A group of Hawaiian Elders, Kupuna, seven Men and Women gathered around me in a tight circle. And they chided me! They scolded me! They told me I could no longer use Compassion to Heal people. They said, using Compassion like that is not compassionate for myself. They said:
"You are also someone's child. You cannot hurt yourself anymore. From now on, you have to Heal with Aloha. When you use Compassion to heal others, someone always has to be suffering to deserve your attention. But with Aloha, everyone you meet deserves your attention. From now on use only Aloha to Heal, Unconditional Love and Acceptance. And the Aloha you give to others will also heal you yourself."
And then I was back... Shaken and amazed...
So now, one year later I am thinking and looking back... The Aloha extended to me by all the staff at Queen's Hospital was amazing. And also the kindness shown to us by one very special woman -- now our dear friend -- Jean Tanimoto; someone my wife and I had barely met! She came up to the hospital and extended her Aloha and her calm presence to us, caring for me and my wife, and then even driving us to the airport when I was released...
All in all the Aloha I received in Honolulu was incredibly humbling!
Arriving back on Big Island, we then experienced the warm embrace and Aloha from our dear friends: Rev. M. Kalani Souza, his wife Julie, Chris Shaeffer, Nedi and her husband Jeff. Their welcome filled me with such gratitude and loving energy...
So... There is no way for me to celebrate my Death / Rebrith Day without acknowledging the Love and Aloha and Healing Mana they extended to us.
Mahalo nui loa. Aloha no!
In the immediate days that followed -- and indeed for the many long months that have passed from then until now -- I have cried and cried and cried and slowly purged myself from the consequences of my past mistakes.
I did not intend to hurt myself. I had been raised to believe Compassion was noble, that Self-Sacrifice was noble, and no greater calling can come to a man then to lay down his life for his family...
I know now how wrong and foolish that belief system is... It killed me!
One year ago today, on April 27th: I died!
David Cowan, RN, a heart-broken father, depressed husband, and self-sacrificing Nurse-Healer -- a long-sufferring and foolish foolish man -- passed away...
And somehow, because of Spirit and Fate and the care of others, I was reborn as Pahka Dave: A loving husband, father of four wonderful adults and grandfather to eleven beautiful grandchildren.
Pahka -- in case you wonder -- is not a Hawaiian word. I am actually a native born Californian. But one of my granddaughters: Gweni, could not pronounce Poppa. She called me Pahka. The name stuck... I am proud to be Pahka Dave.
On Big Island, just before we left for Hilo to fly home, I said to Kalani: "Well, I guess this is some kind of initiation?"
And Kalani said: "That was a big Kupuna Initiation for sure! Now you get to live a new life as an Elder and Grandparent and be that one who knows the hard way."

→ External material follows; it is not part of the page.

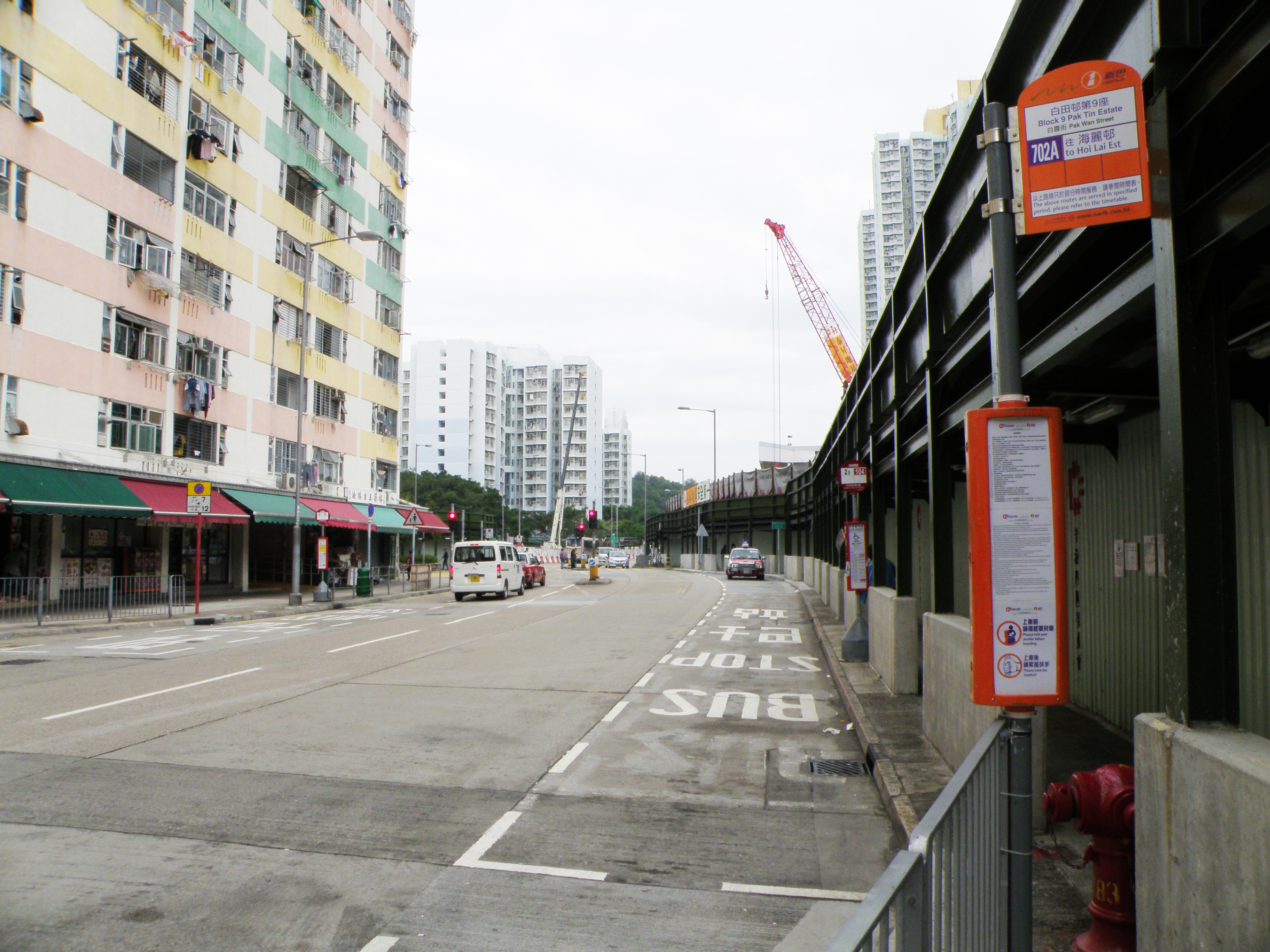 Pak Tin Temporary Bus Terminus in Shek Kip Mei, Hong Kong.
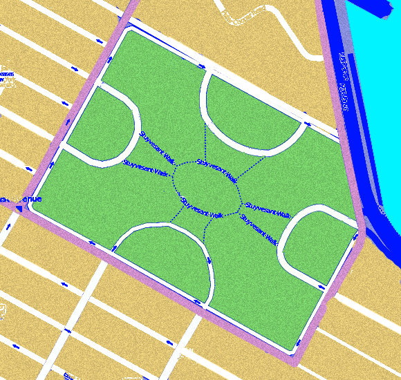 Stuyvesant Town road and path network plan showing the looped streets and the connecting paths through the open space. It is an example of the superblock concept and of the idea of filtered permeability.

Thank you Kalani for all your wisdom and guidance and for teaching me and sharing your Aloha, your Ohana, and your many Lessons of the Ha.
And thank you Jean for all your selfless generosity! When I think of you and your loving kindness towards Patti and me I still marvel at you and feel all weepy with gratitude.
You two will always especially be Hawaiian Angels to my new heart! Aloha mai. Aloha pono! I am blessed! A happy and grateful man! Hao la!
Enough for today. A beautiful day!
--Pahka Dave (Originally posted on 4-27-2013 one year to the day.)